# What needs to be done
Retype each entry exactly as written, and keep the pictures out of the copy.

# Supplied data
##############################

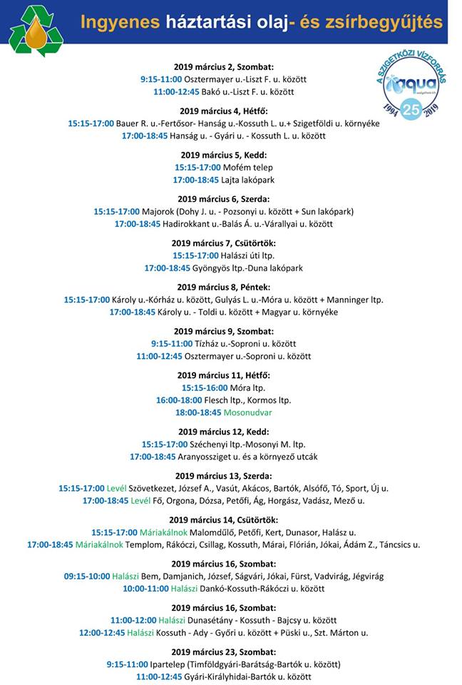 Ezúton tájékoztatjuk Önöket a 2019. március havi olajbegyűjtési helyszínekről és időpontokról, melyet megtekinthetnek a www.aquakft.hu weboldalon, illetve mobil applikációnkon is.
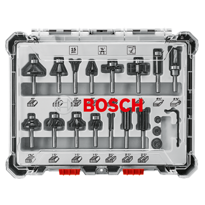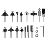 | RBS015MBS | Brocas para biselar: (1) 1-3/8" x 45°, (1) 1" x 25°; Broca para cola de milano: (1) 12° x 9/16"; Broca para ranuras en V: (1) 60° x 5/8"; Fresa para ranurar de dos alas: (1) 5/32"; Broca de rebajo: (1) 1/4" x 1/2"; Broca recta montada arriba: (1) 1/2" x 1"; Broca de acabado en laminado y ranura doble para cortar al ras: (1) 5/8" x 1"; (1) Broca para moldura romana: (1) 5/32" x 1/2"; Broca para calar: (1) 3/8" x 1/2"; Broca para redondeado: (1) 1/4" x 1/2", (1) 1/8" x 3/8"; Broca recta de ranura doble: (1) 1/4" x 25/32", (1) 1/2" x 1-3/16", (1) 5/8" x 1-3/16" | - | 15 | |||
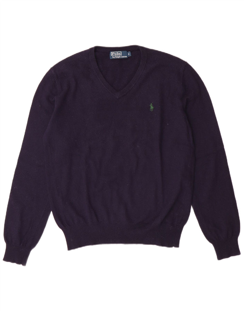 Suéter masculino POLO RALPH LAUREN com decote em V pequeno azul marinho lã merino
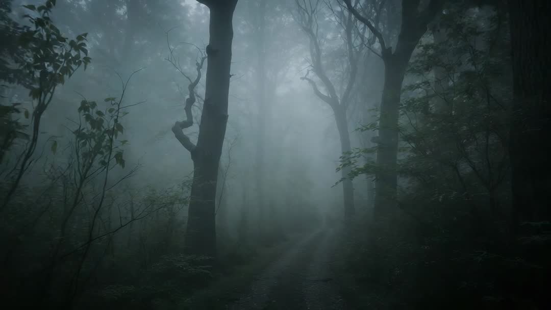 - Mystical Foggy Forest Path Drone Journey Unveiling Tranquil Nature
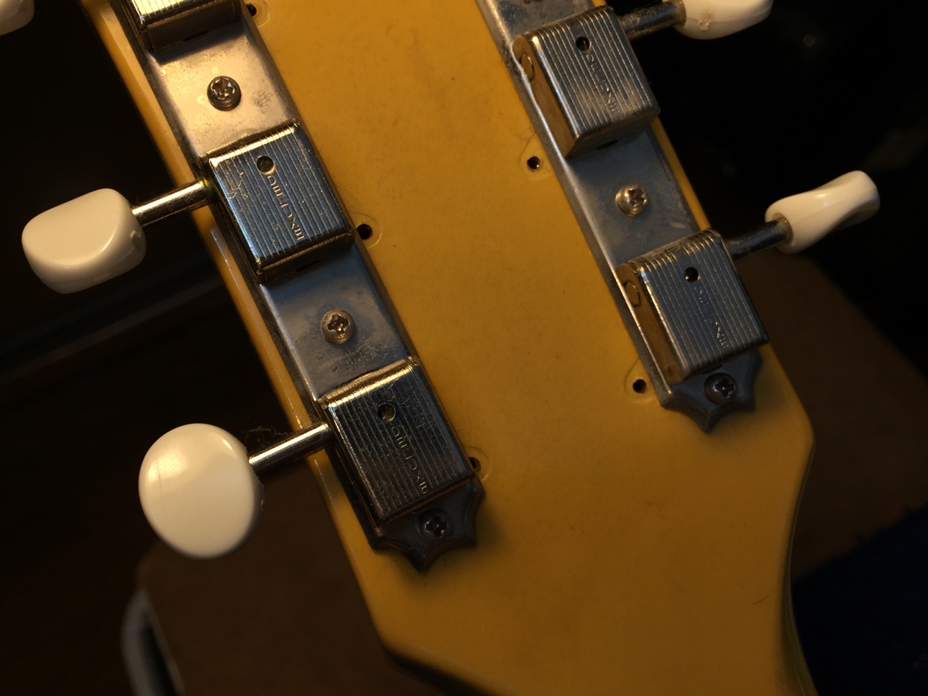 もともとはロトマティックがついていたところに3連のクルーソンが付けられています。 ペグ穴の並びに合っていないことが原因で動きが渋くなっていますが、今回はそのままにしておいて、後々考えるということになりました。
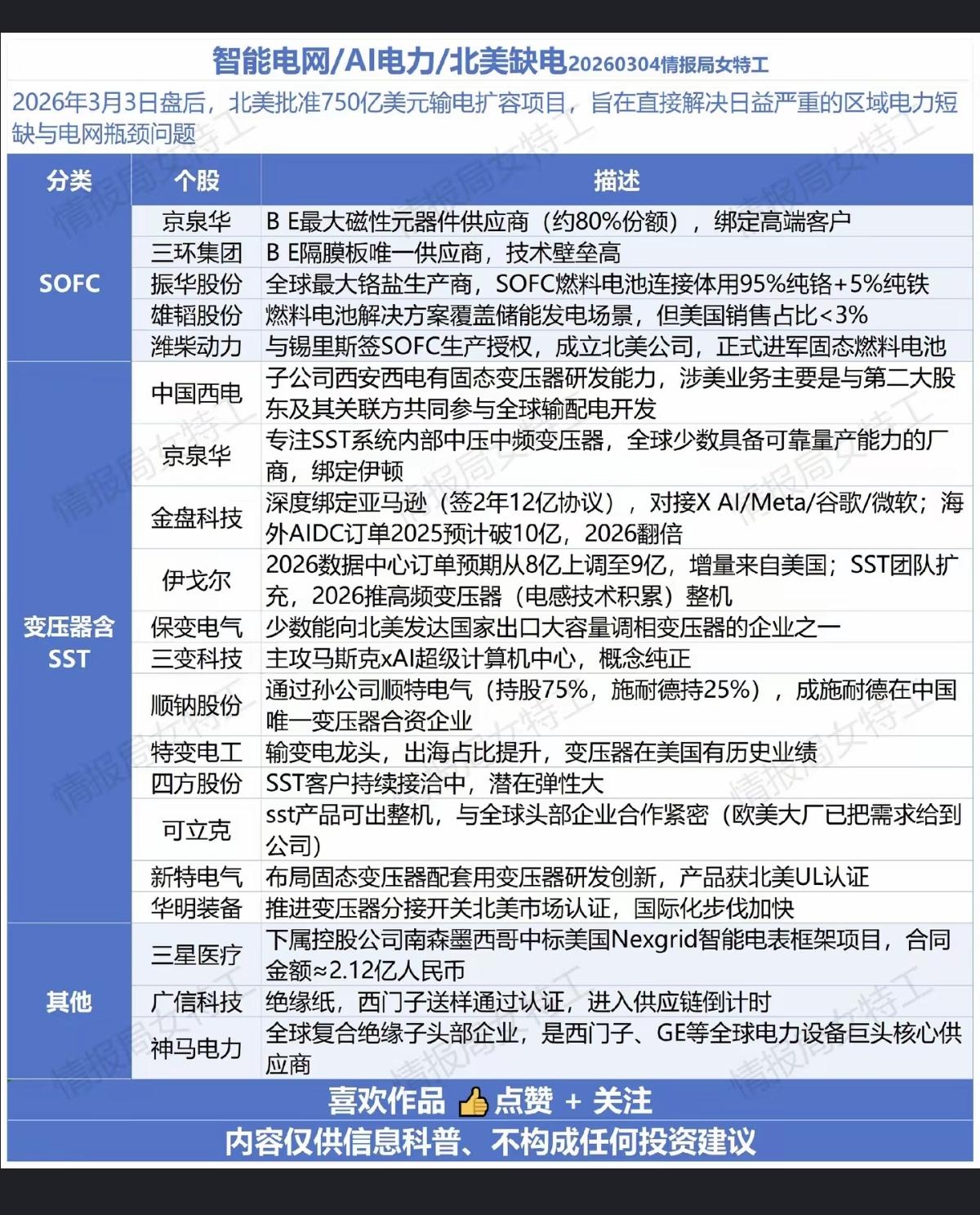 智能电网+AI电力+北美缺电! 3月3日,北美批准750亿美元输电扩容项目,旨在解决日益严重的缺电和电网瓶颈问题。 1.燃气轮机 2.储能 3.AIDC相关 4.固态变压器SST 5.燃料电池 相关核心龙头受益股:

##############################

# Solution to the problem
 Ezúton tájékoztatjuk Önöket a 2019. március havi olajbegyűjtési helyszínekről és időpontokról, melyet megtekinthetnek a www.aquakft.hu weboldalon, illetve mobil applikációnkon is.
 | RBS015MBS | Brocas para biselar: (1) 1-3/8" x 45°, (1) 1" x 25°; Broca para cola de milano: (1) 12° x 9/16"; Broca para ranuras en V: (1) 60° x 5/8"; Fresa para ranurar de dos alas: (1) 5/32"; Broca de rebajo: (1) 1/4" x 1/2"; Broca recta montada arriba: (1) 1/2" x 1"; Broca de acabado en laminado y ranura doble para cortar al ras: (1) 5/8" x 1"; (1) Broca para moldura romana: (1) 5/32" x 1/2"; Broca para calar: (1) 3/8" x 1/2"; Broca para redondeado: (1) 1/4" x 1/2", (1) 1/8" x 3/8"; Broca recta de ranura doble: (1) 1/4" x 25/32", (1) 1/2" x 1-3/16", (1) 5/8" x 1-3/16" | - | 15 | |||
 Suéter masculino POLO RALPH LAUREN com decote em V pequeno azul marinho lã merino
 - Mystical Foggy Forest Path Drone Journey Unveiling Tranquil Nature
 もともとはロトマティックがついていたところに3連のクルーソンが付けられています。 ペグ穴の並びに合っていないことが原因で動きが渋くなっていますが、今回はそのままにしておいて、後々考えるということになりました。
 智能电网+AI电力+北美缺电! 3月3日,北美批准750亿美元输电扩容项目,旨在解决日益严重的缺电和电网瓶颈问题。 1.燃气轮机 2.储能 3.AIDC相关 4.固态变压器SST 5.燃料电池 相关核心龙头受益股:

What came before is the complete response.